Katyń (film)
Katyń | |
---|---|
Polish release poster | |
Directed by | Andrzej Wajda |
Produced by | Michał Kwieciński |
Written by |
Andrzej Wajda Przemysław Nowakowski |
Based on |
Post Mortem: The Story of Katyn by Andrzej Mularczyk |
Starring |
Maja Ostaszewska Danuta Stenka Artur Żmijewski Paweł Małaszyński |
Music by | Krzysztof Penderecki |
Cinematography | Paweł Edelman |
Edited by |
Milenia Fiedler Rafał Listopad |
Distributed by | ITI Cinema |
Release dates |
|
Running time | 115 minutes |
Country | Poland |
Language |
Polish Russian German |
Budget |
15,000,000 PLN €4,000,000 |
Katyń (Polish pronunciation: [ˈkatɨɲ]) is a 2007 Polish film about the 1940 Katyn massacre, directed by Academy Honorary Award winner Andrzej Wajda. It is based on the book Post Mortem: The Story of Katyn by Andrzej Mularczyk.
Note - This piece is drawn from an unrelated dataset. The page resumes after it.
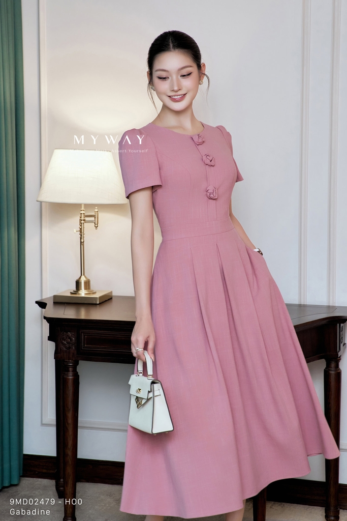 Đầm xòe với phom dáng trên ôm dưới xòe, cổ tròn, tay ngắn, dài qua bắp, có túi và lót, được thiết kế từ chất liệu Gabadine nhập khẩu cao cấp đã qua xử lý, giúp tạo phom dáng chuẩn chỉnh và hiện đại. Nổi bật với họa tiết xước vải tinh tế gam hồng – be và điểm nhấn là ba bông hoa đính khéo léo, chiếc đầm không chỉ giúp che khuyết điểm cơ thể mà còn mang lại vẻ dịu dàng, thanh lịch. Thiết kế mang lại sự thoải mái cho người mặc, phù hợp với phong cách hiện đại và khả năng phối đồ linh hoạt trong nhiều dịp khác nhau.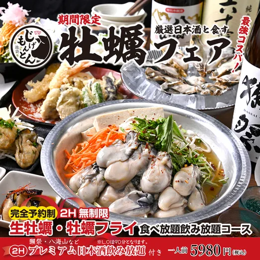 生・揚げ・焼き・鍋まで!牡蠣メニューが勢ぞろい! プリップリ鮮度抜群の「生牡蠣」と、濃厚な旨みをサクッと閉じ込めた「牡蠣フライ」がWで食べ放題。さらに、鉄板焼きや天ぷら、しぐれ煮など多彩な牡蠣料理に、旨みたっぷりの「牡蠣鍋」まで楽しめる牡蠣尽くしコースが新登場!今だけ、牡蠣との相性抜群な厳選日本酒付きプレミアム飲み放題もセットで満足度◎

It was nominated for Best Foreign Language Film for the 80th Academy Awards.[1]
Background
The Katyn massacre, also known as the zbrodnia katyńska ('Katyń crime'), was a mass execution of Polish POW officers and citizens ordered by the Soviet authorities in 1940. The most widely accepted estimate of the number of dead is about 22,000. The victims were murdered in the Katyn forest, Kalinin (Tver) and Kharkiv prisons, and elsewhere. About 8,000 were officers taken prisoner during the Soviet 1939 invasion of Poland, the rest being Poles arrested for allegedly being "intelligence agents, gendarmes, spies, saboteurs, landowners, factory owners, lawyers, priests, and officials."
During the German occupation of Poland, the Germans used the massacre for propaganda purposes against the Soviets. However, after the war, when Poland fell under Soviet influence, the truth about the event was suppressed by the Soviet authorities, who maintained an official line throughout the Eastern Bloc that the massacre was committed by the Germans. With the fall of communism in Poland in 1989, the first non-communist Polish government immediately acknowledged that the crime was committed by the Soviets. In 1990, Mikhail Gorbachev acknowledged Soviet responsibility for the Katyn massacre for the first time.[2] In 1991, Boris Yeltsin made public the documents which had authorised the massacre.[2]
There are now some cemeteries of Polish officers in the vicinity of the massacres, but many facts of the event remain undisclosed to this day and many graves of the Polish POWs east of the Bug River are either still unmarked or in a state of disrepair.
Plot
The events of Katyn are relayed through the eyes of the women, the mothers, wives, and daughters of the victims executed on Stalin's orders by the NKVD in 1940.
Andrzej (Artur Zmijewski) is a young Polish captain in an Uhlan (light cavalry) regiment who keeps a detailed diary. In September 1939, he is taken prisoner by the Soviet Army, which separates the officers from the enlisted men, who are allowed to return home, while the officers are held. His wife Anna (Maja Ostaszewska) and daughter Weronika, nicknamed "Nika" (Wiktoria Gąsiewska), find him shortly before he is deported to the USSR. Presented with an opportunity to escape, he refuses on the basis of his oath of loyalty to the Polish military.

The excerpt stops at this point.